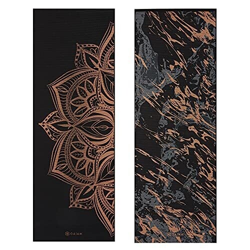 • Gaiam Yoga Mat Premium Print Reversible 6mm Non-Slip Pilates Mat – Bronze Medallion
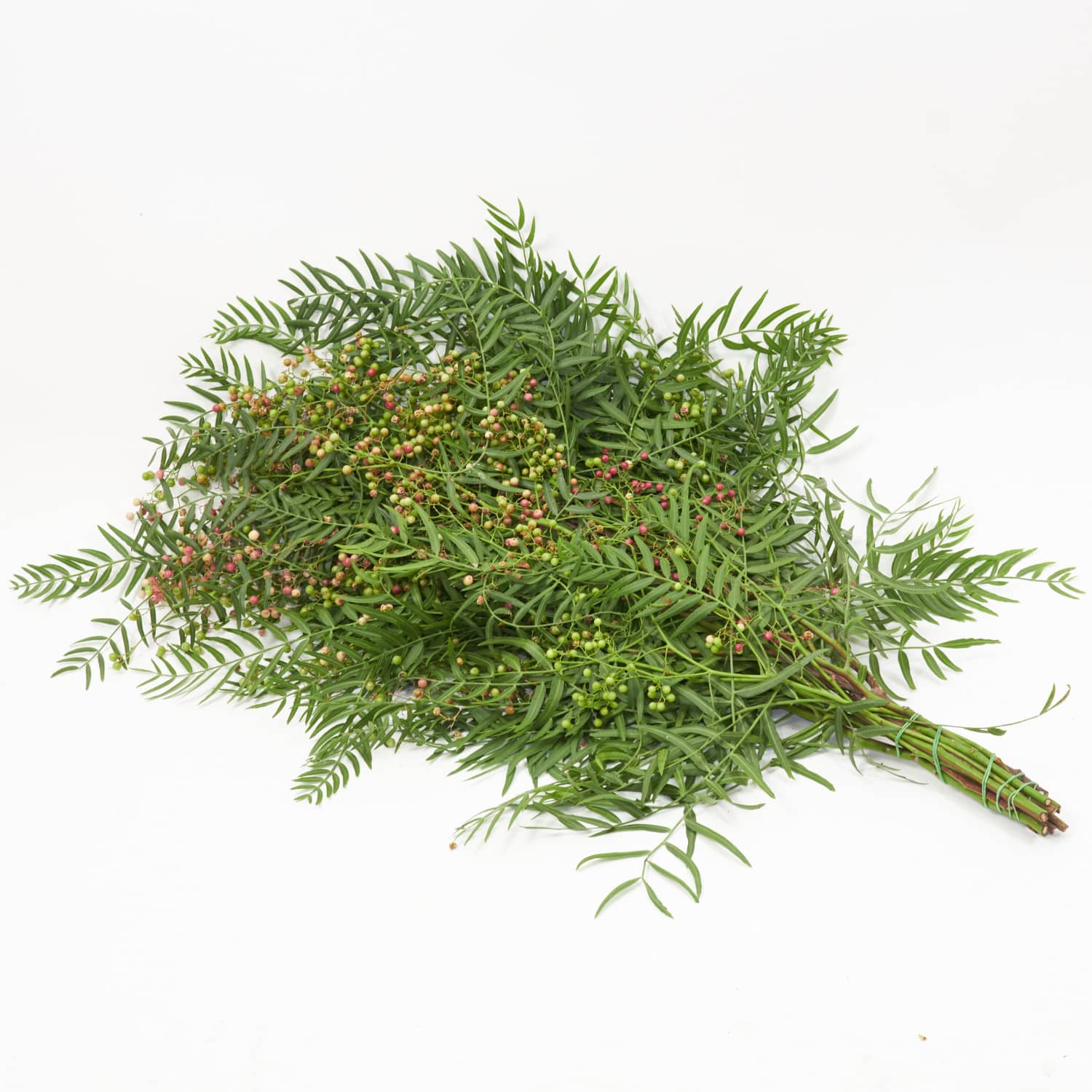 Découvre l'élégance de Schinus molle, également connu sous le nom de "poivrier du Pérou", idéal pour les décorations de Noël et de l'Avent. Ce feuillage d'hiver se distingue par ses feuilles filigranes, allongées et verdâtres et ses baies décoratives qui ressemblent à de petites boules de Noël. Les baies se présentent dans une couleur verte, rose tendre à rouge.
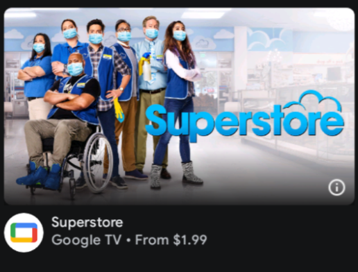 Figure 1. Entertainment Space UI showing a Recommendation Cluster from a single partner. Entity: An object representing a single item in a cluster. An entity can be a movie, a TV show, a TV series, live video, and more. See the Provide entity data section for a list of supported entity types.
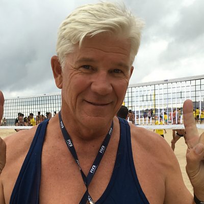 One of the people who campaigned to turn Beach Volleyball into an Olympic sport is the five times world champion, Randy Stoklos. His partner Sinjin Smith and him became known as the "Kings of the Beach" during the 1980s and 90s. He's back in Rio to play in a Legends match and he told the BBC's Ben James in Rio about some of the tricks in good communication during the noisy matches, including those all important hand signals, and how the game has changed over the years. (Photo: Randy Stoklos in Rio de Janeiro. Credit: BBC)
* * *
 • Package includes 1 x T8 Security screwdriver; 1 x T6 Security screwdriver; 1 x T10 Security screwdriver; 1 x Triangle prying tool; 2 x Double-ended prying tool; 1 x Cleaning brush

# [What you have to do]
Would you restate, exactly and with no pictures, the lines of the entries above from the one containing "Mat – Bronze Medallion" through the one containing "One of the people"?

# [Exercise solution]
 • Gaiam Yoga Mat Premium Print Reversible 6mm Non-Slip Pilates Mat – Bronze Medallion
 Découvre l'élégance de Schinus molle, également connu sous le nom de "poivrier du Pérou", idéal pour les décorations de Noël et de l'Avent. Ce feuillage d'hiver se distingue par ses feuilles filigranes, allongées et verdâtres et ses baies décoratives qui ressemblent à de petites boules de Noël. Les baies se présentent dans une couleur verte, rose tendre à rouge.
 Figure 1. Entertainment Space UI showing a Recommendation Cluster from a single partner. Entity: An object representing a single item in a cluster. An entity can be a movie, a TV show, a TV series, live video, and more. See the Provide entity data section for a list of supported entity types.
 One of the people who campaigned to turn Beach Volleyball into an Olympic sport is the five times world champion, Randy Stoklos. His partner Sinjin Smith and him became known as the "Kings of the Beach" during the 1980s and 90s. He's back in Rio to play in a Legends match and he told the BBC's Ben James in Rio about some of the tricks in good communication during the noisy matches, including those all important hand signals, and how the game has changed over the years. (Photo: Randy Stoklos in Rio de Janeiro. Credit: BBC)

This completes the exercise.